The Bot Fighting Disinformation: The Story of Cofacts 

Written by Billion Lee

Image Credit: Photo by Jack Chen CC BY 4.0

Cofacts, an online fact-checking bot, has been trying to solve the “infodemic” for several years; and they are still reforming public trust in many ways. You can send suspicious pictures to the Cofacts chatbot and wait for Cofacts to fact-check the multimedia or photos for you. Fact-checkers devote themselves to news media and truthful information as best they can. Cofacts is an open-source project, and it is eager to have more new friends from global networks. As a multilingual chatbot, Cofacts speaks five languages: English, Japanese, Korean, Mandarin, and Thai. 

Why is fact-checking important? Now and then, in one of the numerous closed chat rooms composed of friends, colleagues and family members, lies like these may slip into the chatroom:

Homosexual people from Europe, US and Africa will marry Taiwanese gay people to reach Taiwanese free medical care for their terrible diseases

My country lobbied Pelosi to pay 94 million, about 3.14 million US dollars given to Pelosi by the Taiwanese government and its associated agencies: Visiting Taiwan =  A corrupted politician being bribed.

The first time we see stories like this, we might try ask google, collect enough information to debunk it, and reply in the chatroom with the information we have found in a way that does not hurt the feelings of chatroom members too much. But such hoaxes won’t occur just once. It may appear in another chatroom.
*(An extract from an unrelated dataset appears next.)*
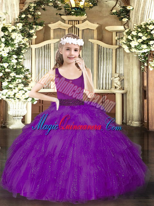 , Admirable Purple Tulle Zipper Scoop Sleeveless Floor Length Pageant Gowns Beading

It may change and be circulated again. Our fact-checking efforts in one chatroom go no further than the audience in that specific chatroom. They are buried in piles of chat history among numerous chat rooms as time passes. While fact-checking takes a lot of effort outside the chat app, sharing the hoax to another chat room takes a few button presses. We need a smarter way to face disinformation in closed messaging apps.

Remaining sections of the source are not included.